§ **MATERIAL FOR THIS EXERCISE**:
-- Opening Marker --
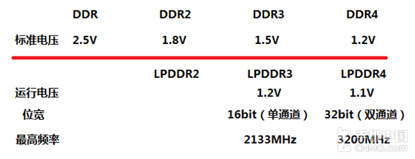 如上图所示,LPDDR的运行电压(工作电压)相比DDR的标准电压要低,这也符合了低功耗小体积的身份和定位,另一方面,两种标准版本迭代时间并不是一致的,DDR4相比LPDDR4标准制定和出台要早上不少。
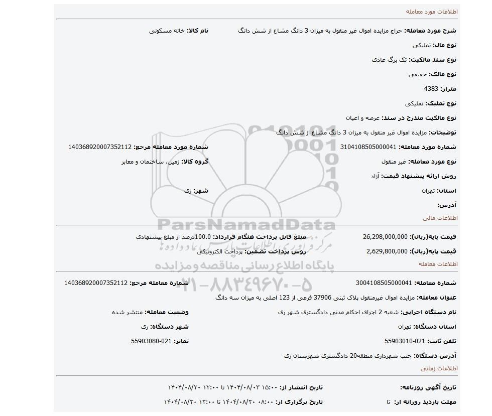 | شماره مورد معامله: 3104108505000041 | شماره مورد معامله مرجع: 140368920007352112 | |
-- Closing Marker --
-- Opening Marker --
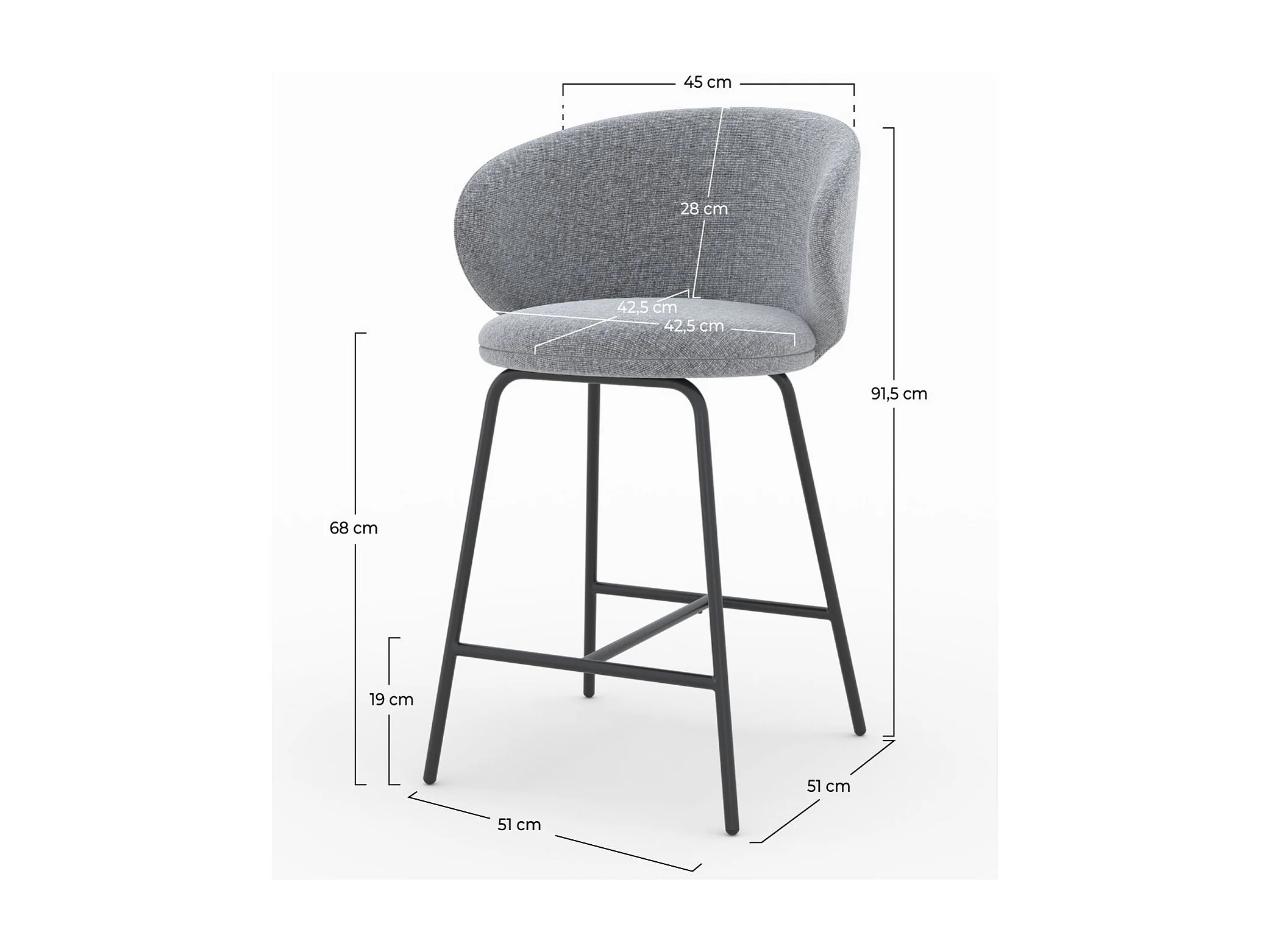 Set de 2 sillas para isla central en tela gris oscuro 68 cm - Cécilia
-- Closing Marker --
Copy only this from above: the line containing "如上图所示,LPDDR的运行", the line containing "140368920007352112 | |", and all lines between, printed exactly. Leave out the pictures.

 如上图所示,LPDDR的运行电压(工作电压)相比DDR的标准电压要低,这也符合了低功耗小体积的身份和定位,另一方面,两种标准版本迭代时间并不是一致的,DDR4相比LPDDR4标准制定和出台要早上不少。
 | شماره مورد معامله: 3104108505000041 | شماره مورد معامله مرجع: 140368920007352112 | |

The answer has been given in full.